*Goal of the exercise*
Extract exactly the lines from the top of the records through the line containing "A FCSB játékosa igyekezett elrejteni könnyeit", and keep pictures out of the copy.

━━━ Dataset ━━━

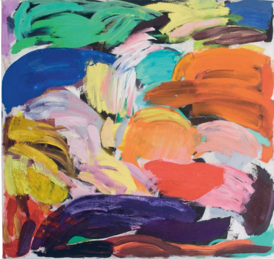
„Bavarian song“ Öl auf Leinen, 150x160cm, 2008
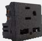
PUSB400-MA 2 Tomas de usb y contacto anodizado
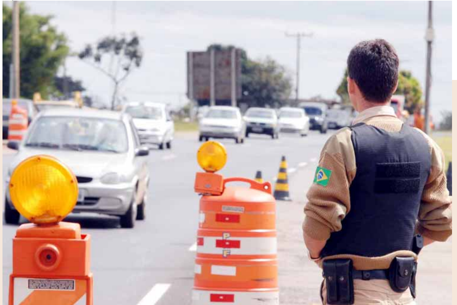
Para a polícia, a queda do número de mortes e acidentes foi em decorrência ao aumento da fiscalização
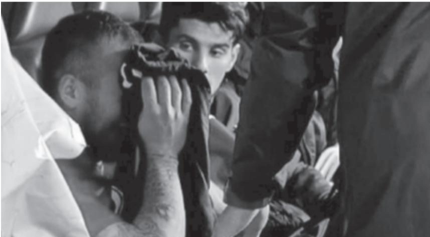
A FCSB játékosa igyekezett elrejteni könnyeit
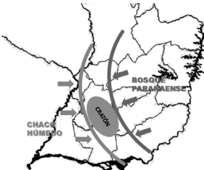
Fig. 4. Diagrama esquemáticos de la confluencia de ecorregiones en el Sur de Paraguay. El Chaco Húmedo al oeste estaría asociado a la evolución propia de las llanuras aluviales de la cuenca del río Paraguay; El Bosque Paranaense se asocia a la elevación del terreno y la presencia de suelos profundos. En el área de transición, la presencia del Cratón de Caapucú sugiere una historia evolutiva diferente a las anteriores, y se asocia a las sabanas de pajonales.
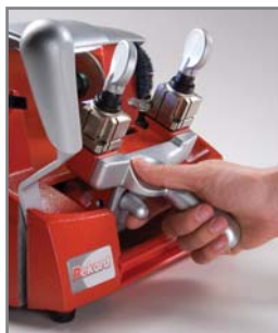
Pulsante per il rilascio del carrello in posizione ottimizzata

Un'ampia area porta accessori dotata di tappetino anti-scivolo, situata sopra il corpo macchina, garantisce il rapido accesso agli attrezzi usati più frequentemente, quali barrette, fermi e pennelli. Sotto il
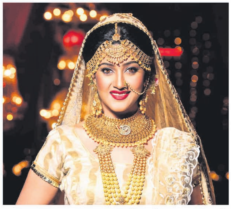
ଉଦ୍‌ଘାଟନୀ ସମାରୋହରେ ଯୋଗଦେଇ ସୋନମ କପୁର କହିଥିଲେ - “ମୁଁ ସର୍ବଦା ଡିଜାଇନିଂ ଥିବା ମଦିର, ସ୍ତ୍ରୀପତ୍ୟ, ଡିଜାଇନିଂ ଚୁକ୍ତ ଦେଖିବା ପାଇଁ ଡିଜାଇନିଂ କରିବାକୁ ଚାହୁଁଥିଲି ଏବଂ ଲାଲଚନ୍ଦ୍ର ଆଜି ମତେ ସେହି ସୁଯୋଗ ପ୍ରଦାନ କରିଛି । ମୁଁ ଅନେକ ଅଳଙ୍କାର ସୋଲ୍ୟୁସ୍ ଦେଖିଛି, ମାତ୍ର ଏଭଳି ସୋ’ଲ୍ୟୁସ୍ କେଉଁଠି ଦେଖିନଥିଲି । ଏଠାକାର ଅଳଙ୍କାର କାରିଗରୀ ବିଶ୍ୱସ୍ତରାୟ ।”
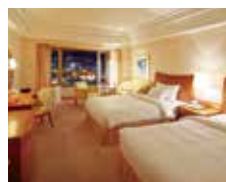
▲マウンテンビューデラックスツイン
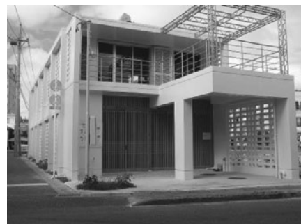
写真 2 建築研究所の技術指導によるエコハウス
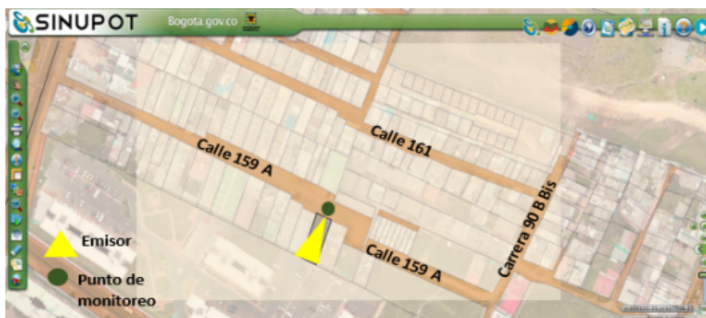
Figura 1. Ubicación del predio emisor y punto de monitoreo.
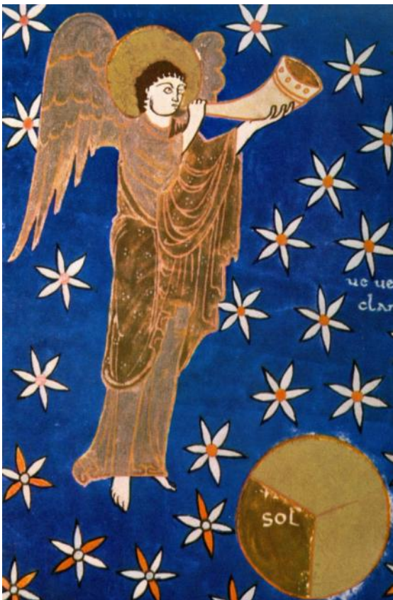
Engel mit der Posaune, Paris 1050

Advent ist nicht nur das Warten auf das Kommen Jesu als Kind von Bethlehem. Advent ist auch das Warten auf das Kommen Jesu am Ende meines Lebens.
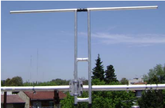
Dipolo en proceso de medición

Antena omnidireccional de polarización vertical.
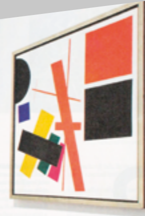
Kazimir Malevič Suprematismus, 1915 olej, plátno

Výstavu Ruské avantgardy jsme přihlásili do národní soutěže Gloria musaealis v kategorii Muzejní výstava roku 2021. ➔
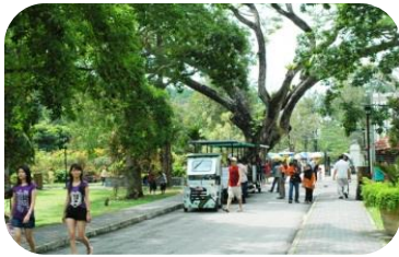
Foto 1. Perkhidmatan 'tram'
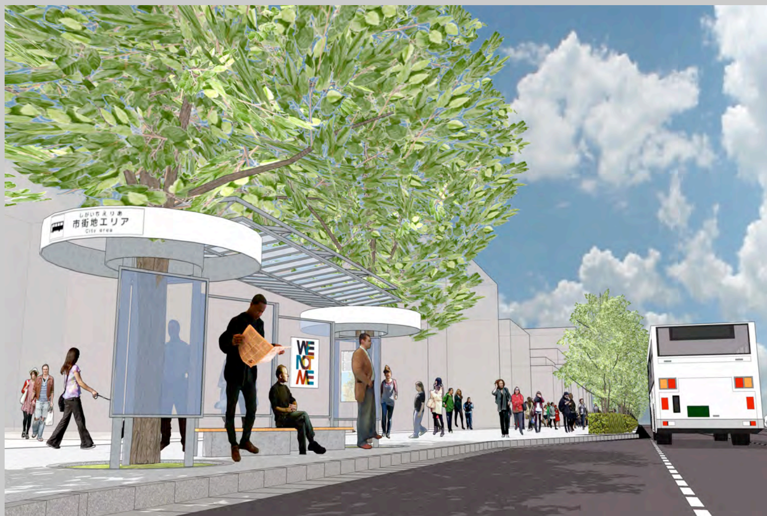
樹木による緑化は場所を問わず景観に調和する。緑のバス停は沖縄のどこの風景にも自然に溶け込む。ピクトサインの色彩によってエリア分けをおこなうが、形状は変えずに那覇のバス停全体の統一性をもたせる。
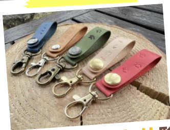
レザークラフト体験
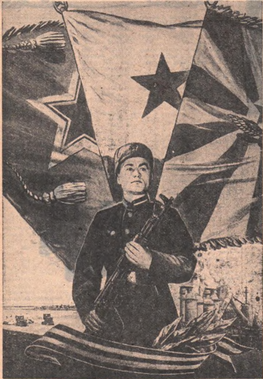
Фотомонтаж Б. Антонова.
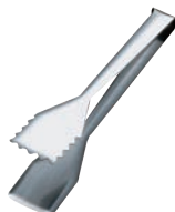
⑫ 18-10 バッフェ トング
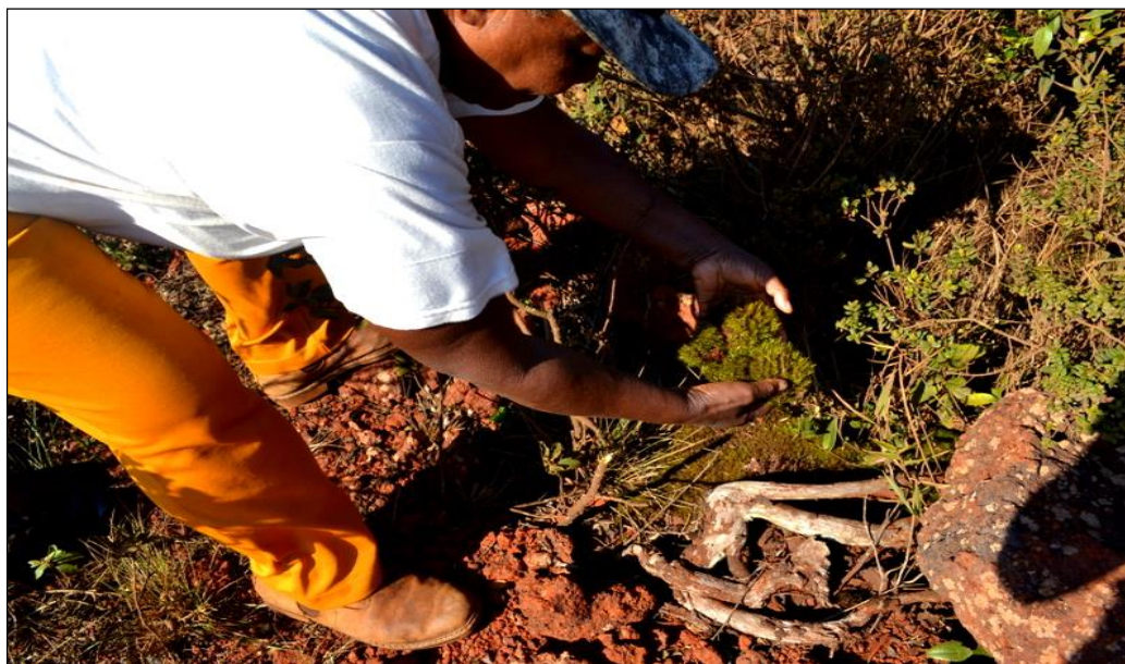
Figura 2 – Extração do musgo em sua área de ocorrência.

musgueiros se refere à rotação das áreas de coleta para deixar o musgo crescer novamente.” (ROJAS, 2014, p. 68). Os musgueiros, como também são conhecidos os coletores de musgo, (re)conhecem a importância de seu manejo de forma sustentável, pois a coleta indiscriminada do musgo poderia esgotar a sua principal fonte de renda (Figura 3).
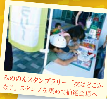
みののんスタンプラリー「次はどこかな？」スタンプを集めて抽選会場へ
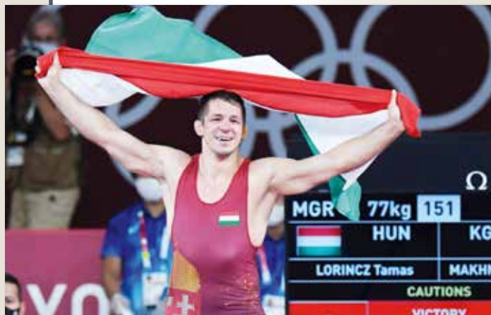
Akik történelmet írtak (28. oldal)
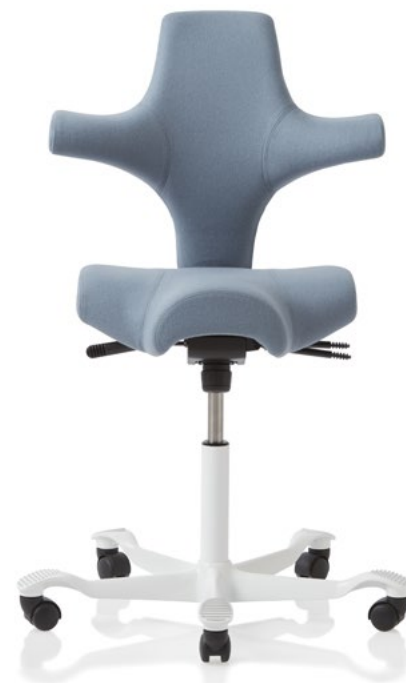
Design: Peter Opsvik. Patent- og designbeskyttet
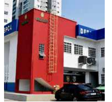
Suspeito responderá por estupro
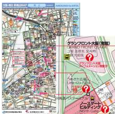
「大阪・梅田 駅周辺 MAP」
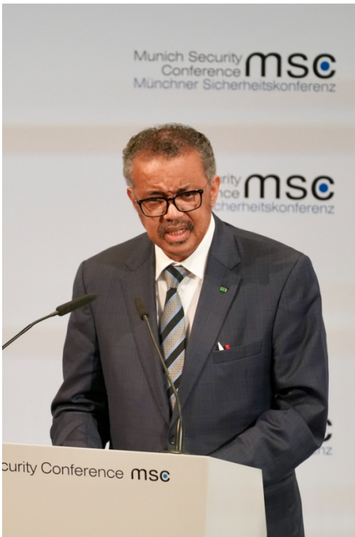
世卫总干事： 中国为全球应对疫情赢得时间

艰苦卓绝的努力展现大国担当，创造了世界防疫史上的诸多奇迹，为全球抗疫做出重大贡献，赢得国际社会的认可和肯定。
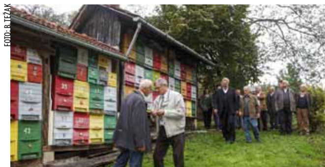
Karlovački pčelari u Bedencu

društva Varaždin, koji na svom imanju u rodnom Bedencu vodi uzornu brigu o 60-ak košnica. Svoja znanja prošlog je mjeseca podijelio s članovima Pčelarskog društva iz Karlovca koji su obišli njegov pčelinjak te se raspitali o iskustvima svoga domaćina u uzgoju pčela i proizvodnji meda u ovoj godini. A ona je, zbog lošeg vremena, i za pčelare u cijeloj Europi bila nezapamćeno loša te, među ostalim, rezultirala akutnim nedostatkom (i poskupljenjem!) kvalitetnog meda na tržištu. Inače, S. Špiranec povjere-
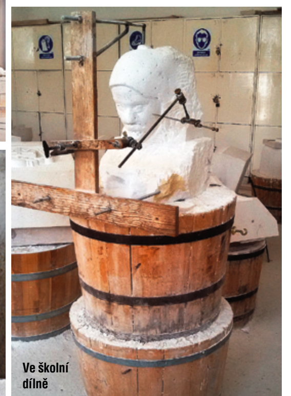
Ve školní dílně

Na kámen musíte umět správně poklepat a také mu naslouchat, tak poznáte, jak moc do něj můžete bouchnout, aby při tom nepraskl.
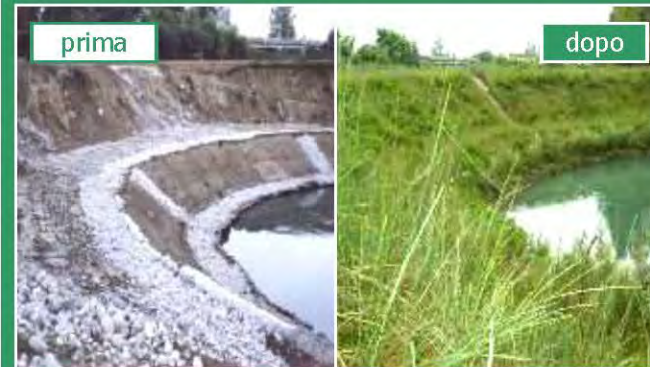
Regione Friuli: protezioni spondali
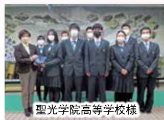
聖光学院高等学校様
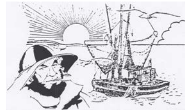
Sassnitzer und Rostocker Hochseefischerei der ehem. DDR

Bitte nachfolgende WebSites als WebLinks einbauen:
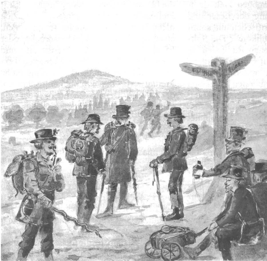
Abb. 2: Oftmals reisten Gesellen miteinander. Das wenige Gepäck wurde im Felleisen – quasi einem Rucksack – transportiert. Der Erzähler von Gotthelfs Roman spottet über die neue Mode, das Felleisen auf ein Wägelchen zu packen: «Aber das Ding ging nicht ohne Mühe, es mußte halt gestoßen oder gezogen sein und wenn man es genau betrachtete, so war ein solch Ziehen oder Stoßen vielleicht noch mühseliger als das Tragen, jedenfalls stund das Tragen dem Burschen viel besser an.» (HKG A.6.1, 2012, S. 23,26–29.)

in der fachlichen Qualifizierung und sittlichen Bildung Jacobs findet. Insgesamt schildert der Roman also auch die Entwicklung eines etwas naiven und zugleich hochmütigen Jünglings zu einem in allen Lebensbereichen gereiften Handwerker, der nun auch die Verantwortung für einen meisterlichen Haushalt übernehmen kann. Gotthelf skizziert eine alineare sittlich-christliche Reifung der Hauptfigur, die von Anfang an über Schwächen und Tugenden gleichsam verfügt. Dahinter steht stark vereinfacht ausgedrückt die Vorstellung, dass Menschen «tierische» und «göttliche» Anteile hätten, die sich je nach wirkenden Kräften durchsetzen würden. 30 Optimistisch gewendet ist damit immer auch schon die Fähigkeit zur sittlich-religiösen Besserung («Vervollkommnung») des Menschen in seiner Natur angelegt.
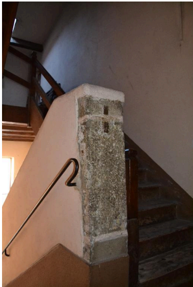
Escalier dernier niveau IVR82_20156900204NUCA
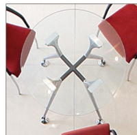
CLH 225 B
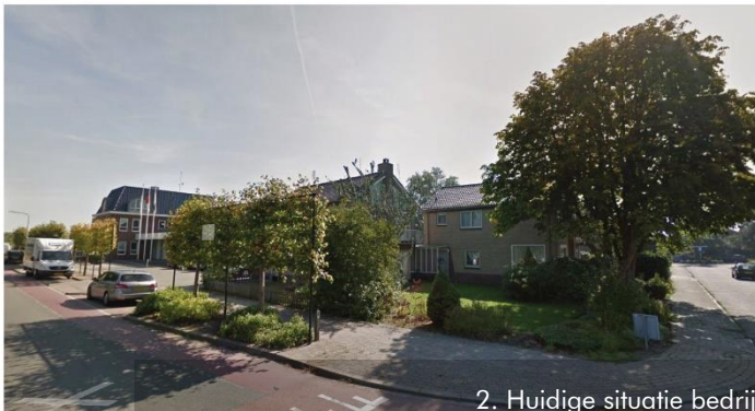
2 WONINGEN OP PLANGEBIED
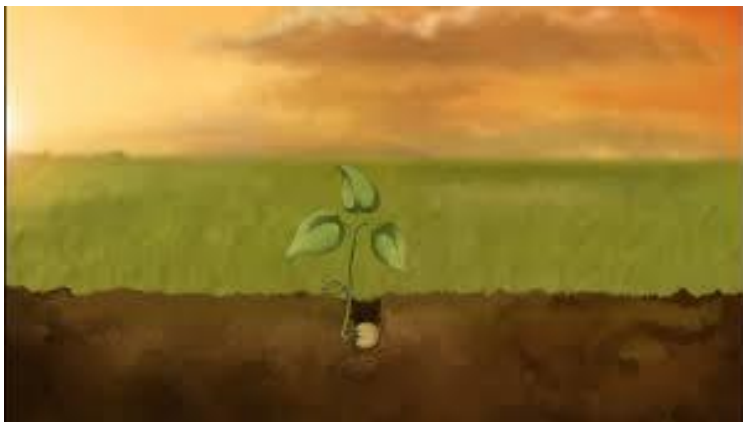
Een mosterdzaadje
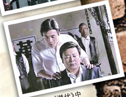
吉思光在《潜伏》中扮演盛乡(前者)
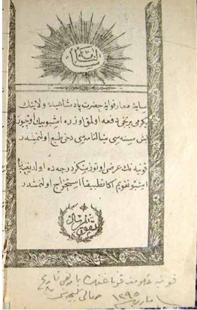
Hükümet konağı yangınının tarihinin not edildiği sayfa.

Ma'rûz-ı Çâker-i Kemîneleridir ki ... (5) Mâh-ı cârîniñ yigirmi dokuzuncu cum'a gîcesi sâ'at yedi sularında nefsi Konya çarşûsınıñ tâ vasatında vâki' Kapu Câmî-i şerîfine muttasıl bulunan çubukcu dükkânı zîrinde bulunan mahalle târî furûsuñ muntafî oldu kıyâsile bırakub gitmiş olduğu mankal-ı şerâre-i baş olmağla dükkân-ı mezkûruñ altından için için işleyen Âteş içinden birden fûrûzân ve hemân haber alınub âcizleri dâ'irem halkı ve mevcûd zabıtagân ile yetişmiş ve bezl-i
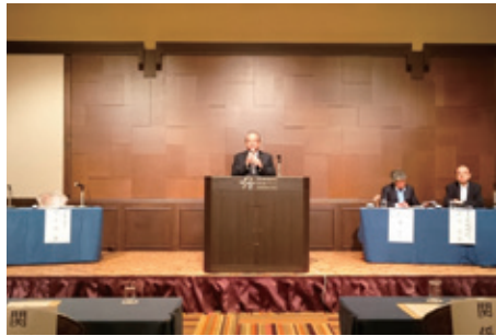
8月29日 北九州市医師会主催「病院長会議」
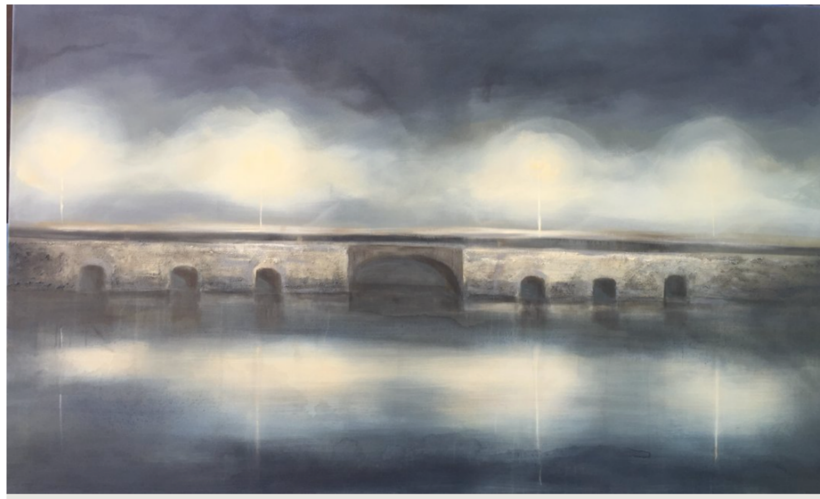
Utsnitt av maleriet "Kroksund Bro".

Den bergtatte damen mener det er umulig å bli lei av fjell.
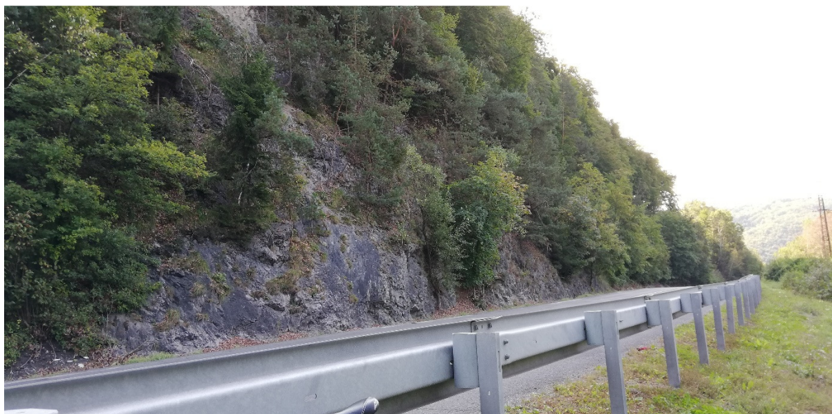
Foto 49 – rozhranie extravilánu obci Lučatín a Medzibrod, strmý skalný svah pri ceste I/66 V mieste charakteristického rezu VR B-12
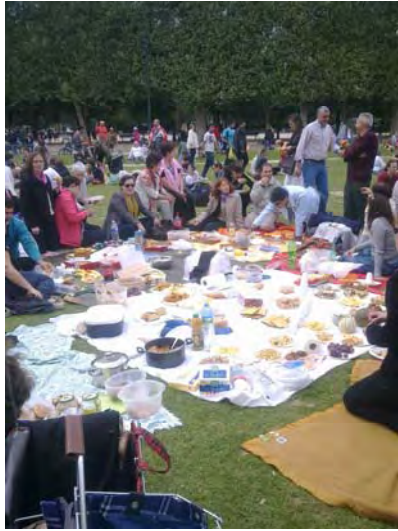
un pique-nique bien mérité

━━━

*Reply to the exercise*
„Bavarian song“ Öl auf Leinen, 150x160cm, 2008
PUSB400-MA 2 Tomas de usb y contacto anodizado
Para a polícia, a queda do número de mortes e acidentes foi em decorrência ao aumento da fiscalização
A FCSB játékosa igyekezett elrejteni könnyeit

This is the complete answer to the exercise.